Once users have their data in the software and have become accustomed to the interface,
they will be pleasantly surprised as the range of tools available in PC-ORD that tailor to
ecological datasets. While basic data management options are annoyingly lacking (e.g.,
copy and paste, aggregating across subsets of data), PC-ORD includes tools useful for
ecologists that are not commonly found in statistical software packages, such as the
ability to construct species area curves, plot smoothed variable distributions, create
species lists, or conduct analyses such as polar ordination (which they term
Bray-Curtis ordination), indicator species analysis, and SumF. In addition,
all of the most common ordination, classification, and group-testing tools are available
and many can be run using default settings or easily tailored to fit dataset constraints
and analysis objectives. For example, simple mouse clicks in the setup window are all that
is needed to run a PCA with a variance/covariance cross-products matrix, include biplot
scores for species, and add a randomization test. Similarly, NMS can be run using default
settings (in Autopilot mode) or the user can define input (e.g., number of
axes) and output (e.g., orthogonal rotation) settings.
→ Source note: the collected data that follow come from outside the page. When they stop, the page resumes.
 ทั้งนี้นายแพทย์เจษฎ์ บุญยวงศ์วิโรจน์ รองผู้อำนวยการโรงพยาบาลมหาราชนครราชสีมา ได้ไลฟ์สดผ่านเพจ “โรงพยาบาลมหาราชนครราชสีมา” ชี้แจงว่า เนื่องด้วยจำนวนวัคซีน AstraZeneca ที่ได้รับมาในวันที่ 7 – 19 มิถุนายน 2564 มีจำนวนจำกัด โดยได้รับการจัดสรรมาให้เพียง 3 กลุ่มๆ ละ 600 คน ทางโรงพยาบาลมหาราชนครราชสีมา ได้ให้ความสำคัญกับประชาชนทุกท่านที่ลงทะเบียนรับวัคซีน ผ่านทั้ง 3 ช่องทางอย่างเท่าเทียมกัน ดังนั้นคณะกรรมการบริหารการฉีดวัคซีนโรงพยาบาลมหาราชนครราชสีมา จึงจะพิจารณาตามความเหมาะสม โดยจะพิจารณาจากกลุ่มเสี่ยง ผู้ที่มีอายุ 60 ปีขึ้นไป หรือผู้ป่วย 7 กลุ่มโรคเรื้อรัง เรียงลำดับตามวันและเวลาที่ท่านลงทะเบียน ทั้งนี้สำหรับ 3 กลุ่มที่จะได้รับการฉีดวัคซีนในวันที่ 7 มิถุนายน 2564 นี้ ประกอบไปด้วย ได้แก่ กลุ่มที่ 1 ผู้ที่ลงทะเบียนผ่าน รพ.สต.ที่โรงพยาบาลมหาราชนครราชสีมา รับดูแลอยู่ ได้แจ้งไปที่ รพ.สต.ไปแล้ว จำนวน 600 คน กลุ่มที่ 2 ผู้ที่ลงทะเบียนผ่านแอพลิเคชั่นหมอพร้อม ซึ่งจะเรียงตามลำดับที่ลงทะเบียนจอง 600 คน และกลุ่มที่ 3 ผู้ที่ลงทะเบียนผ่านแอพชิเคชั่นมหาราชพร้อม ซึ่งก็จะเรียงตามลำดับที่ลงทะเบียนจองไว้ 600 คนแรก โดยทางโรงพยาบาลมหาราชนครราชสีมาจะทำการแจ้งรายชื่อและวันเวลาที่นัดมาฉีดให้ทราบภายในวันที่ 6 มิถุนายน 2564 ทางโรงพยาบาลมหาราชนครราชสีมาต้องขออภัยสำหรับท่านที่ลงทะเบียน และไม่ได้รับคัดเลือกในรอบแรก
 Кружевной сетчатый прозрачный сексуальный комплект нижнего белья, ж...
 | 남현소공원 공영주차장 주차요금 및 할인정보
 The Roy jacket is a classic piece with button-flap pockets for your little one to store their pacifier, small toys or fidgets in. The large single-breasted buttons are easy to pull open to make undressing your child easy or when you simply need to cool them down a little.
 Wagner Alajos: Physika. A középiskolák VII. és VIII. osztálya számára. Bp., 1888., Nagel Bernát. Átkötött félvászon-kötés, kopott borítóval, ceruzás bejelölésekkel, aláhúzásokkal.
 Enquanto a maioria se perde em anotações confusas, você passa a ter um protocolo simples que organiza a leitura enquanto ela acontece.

The information provided following
most procedures in the result file is so extensive that the beginning user may
be a bit overwhelmed, but more advanced users will appreciate having access to details
that can be cumbersome to program in other software.
Almost all users will find the graphics interface a welcome contrast to those available in
the most common statistical software packages. After running procedures that produce
output that can be graphed (e.g., ordinations, clustering dendrograms, species area
curves), users enter a graphics interface that is like a program within a program, in that
it is not possible to access the data files or main program menus while graphing output.
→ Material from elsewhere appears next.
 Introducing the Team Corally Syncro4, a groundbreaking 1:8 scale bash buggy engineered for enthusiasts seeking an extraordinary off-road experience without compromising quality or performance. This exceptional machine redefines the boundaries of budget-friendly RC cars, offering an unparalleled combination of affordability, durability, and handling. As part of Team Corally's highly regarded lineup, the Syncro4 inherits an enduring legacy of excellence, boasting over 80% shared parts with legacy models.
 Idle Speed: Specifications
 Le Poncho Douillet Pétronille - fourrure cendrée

Once there, however, drop-down menus or toolbars provide many options for viewing output
optimally and extensive user preference options can be used to tailor graphics precisely
for the desired medium. Nice features include the ability to define and save preference
sets that control features such as plot type, fonts, colors and line and symbol types:
users can apply one set (e.g., in black and white) for manuscripts and another (e.g., in
color) for presentations.
Upgrading from version 5 to version 6 is probably worth it. A notable improvement is the
ability to now import/export spreadsheet data (as *.xls Excel files) without including the
special formatting information that PC-ORD requires at the top of the datafile. In
addition, several new analysis tools have been added, including the metric
multidimensional scaling procedure principal coordinates analysis (PCoA), the linear
equivalent to CCA in redundancy analysis (RDA), and a permutation test based on aggregated
F-statistics called SumF. Version 6 also includes additional graphing options, such as
creating boxplots and drawing convex hulls, which connect the dots around
groups in ordination space (Figure 1).
Many of the tools within PC-ORD are available in other software. For instance, other
commercial products have comparable versions of PCA (CANOCO, PRIMER, SAS, S+, etc.) and
clustering (PRIMER, SAS, SPSS, S+, etc.), and these and other tools are also available in
freeware (e.g., the VEGAN packing in R). While a few users may prefer options only
available in other software packages (e.g., including covariates in CCA within CANOCO,
applying distanced-based MANOVA to some unbalanced designs in PRIMER, or exploring species
area relationships in depth in EstimateS) the vast majority of users will find the tools
available in PC-ORD to be equivalent to, or better than, versions available elsewhere. For
instance, PC-ORD provides users the greatest flexibility available for running NMS and
provides the most detailed output, necessary for the proper interpretation of this complex
tool. The single greatest argument for PC-ORD, however, is simply that most of the
multivariate analysis tools needed to explore species datasets are present in the same
software package, eliminating the time consuming need to learn multiple programs, convert
datasets to different formats for software entry, and search around for the best tool for
making publication quality graphics.
As such, PC-ORD is competitively priced for student and single user licenses; site
licenses, however, can be quite expensive as the fee increases linearly with the number of
potential simultaneous users. Although available to order online, the software is not
downloadable, which netbook users (and procrastinators) may find inconvenient. Mac-only
users are also out of luck, as PC-ORD only runs on the Microsoft Windows platform (Windows
98 and later). The software does not come with a manual, but the extensive help menu
contains a wealth of descriptions, explanations, equations, and citations. In addition, a
new companion book is now available (Peck 2010) that
guides beginning users through the analysis process using the tools available in version
6.
References
McCune, B. & J. Grace. 2002. Analysis of Ecological Communities. MjM Software Design,
Gleneden Beach, Oregon. 300 p.
Peck, J.E. 2010. Multivariate Analysis for Community Ecologists: Step-by-Step using
PC-ORD. MjM Software Design, Gleneden Beach, Oregon. 162 p.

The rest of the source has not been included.